Flying drones from halfway across the world used to be considered a cushy, if somewhat sterile, military job. But the wars in Iraq and Afghanistan have gone on for so long -- and become so dependent on the satellite-piloted planes -- that Air Force commanders have had to call in chaplains, psychologists and psychiatrists "to help ease the mental strain on these remote-control warriors," the Associated Press reports.
Just a few years ago, pilots of unmanned aerial vehicles (UAVs) crowed that "most of the time, I get to fight the war, and go home and see the wife and kids at night." Since then, the demands for remotely-flown spy planes have grown exponentially. Pilots' hours grew longer and longer. And they started to compare themselves to "prisoner[s] with [l]ife sentence[s]."

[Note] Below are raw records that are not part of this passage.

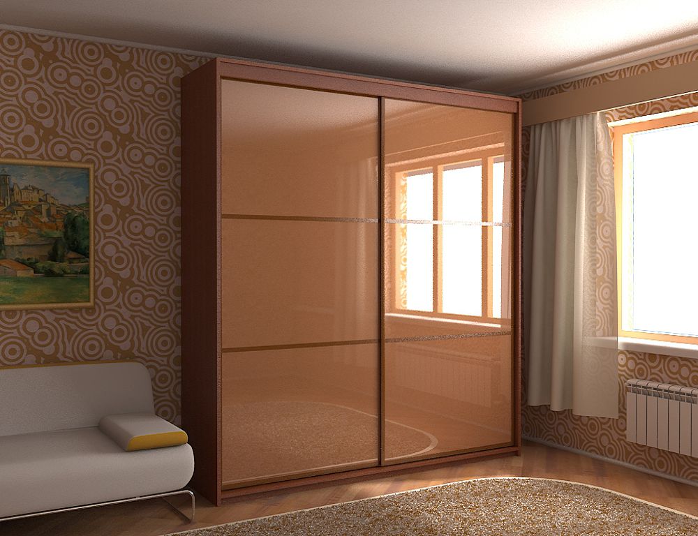 Данная модель шкафа-купе выполнена в коричневом цвете. Фасады гарнитура украшены глянцевым покрытием. Высокие створки имеют декоративное деление.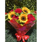 Este buquê é uma combinação perfeitos de 3 encantadores girassóis e 3 românticas rosas vermelhas, amplificadas por folhagens e complementos adicionais. Para conseguir o toque final perfeito, ele vem magnificamente embalado com um laço incluído. Este arranjo floral emana alegria, amor e natureza, tornando-o ideal para todas as ocasiões.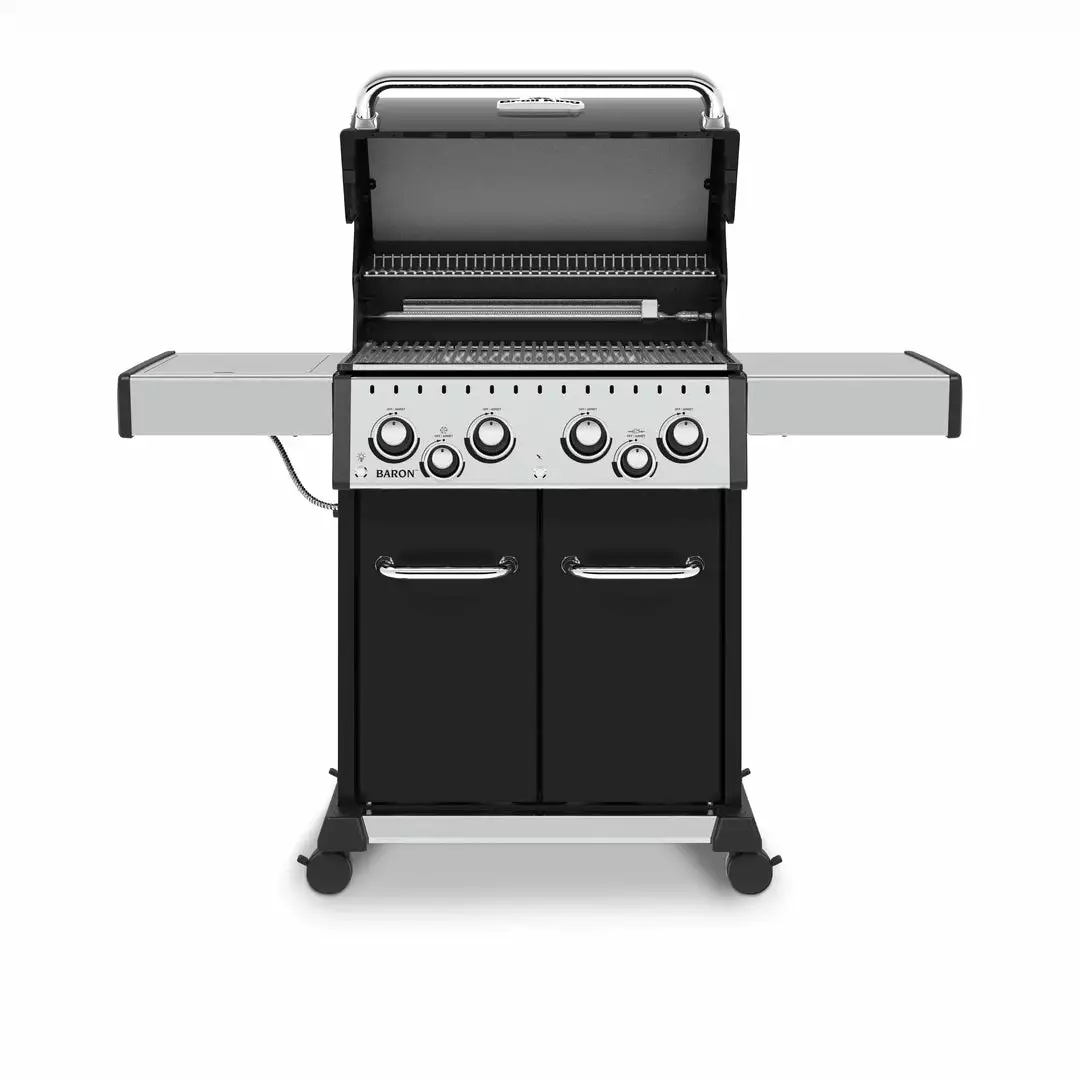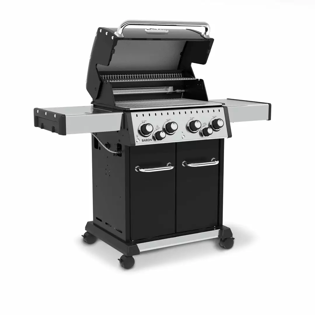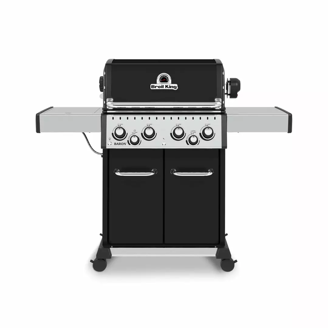 The Broil King Baron™ 490 PRO features 444 sq. in. primary cooking surface and includes 4 stainless steel Dual-Tube™ burners, thick 8mm stainless steel cooking grids, stainless steel Flav-R-Wave™ cooking system, and electronic ignition. The 490 PRO features stainless steel drop-down side shelves and enclosed cabinet base.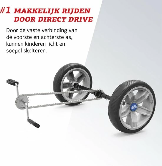 Direct driveDe BERG Reppy is uitgerust met een vaste verbinding tussen de voorste trapas en de achterste as. Dit betekent dat de beweging van de benen direct wordt omgezet in de beweging van de achterwielen. Dit maakt de BERG Reppy super eenvoudig en gemakkelijk te berijden. Zowel voor- als achteruit.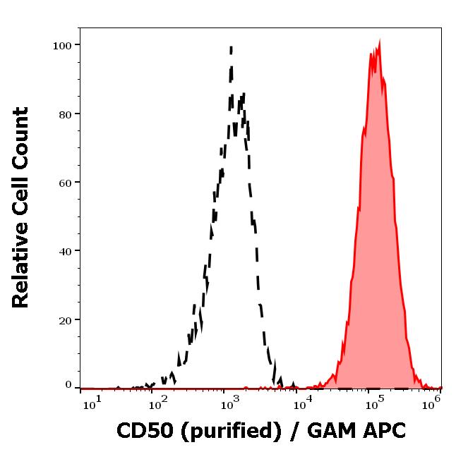 Separation of human lymphocytes (red-filled) from CD50 negative blood debris (black-dashed) in flow cytometry analysis (surface staining) of peripheral whole blood stained using anti-human CD50 (MEM-171) purified antibody (concentration in sample 0,6 μg/ml, GAM APC).

That's taking things to a whiny extreme. The chair-bound flyboys still have it pretty good, compared to the grunts of the Army or the Marines: No 15-month tours, no crappy rations, no chance of them or their friends getting blown up. But the constant back-and-forth between war and peace isn't without its unique strains. "It is quite different, going from potentially shooting a missile, then going to your kid's soccer game," sighs Lt. Col. Michael Lenahan...
This is just un-f#%king believable.
From the original article at The Boston Globe comes this doozy of an opening paragraph:
Remote-control warriors suffer battle stress at a distance
Psychologists, chaplains ease mental strain
By Scott Lindlaw
Associated Press / August 8, 2008
MARCH AIR RESERVE BASE, Calif. - The Air National Guardsmen who operate Predator drones over Iraq via remote control, launching deadly missile attacks from the safety of Southern California 7,000 miles away, are suffering some of the same psychological stresses as their comrades on the battlefield.
Considering the source I'm willing to give some benefit of the doubt, but who the hell thought that this would be a good story to put out there...it will certainly endear them to their 11B brothers in arms that's for sure.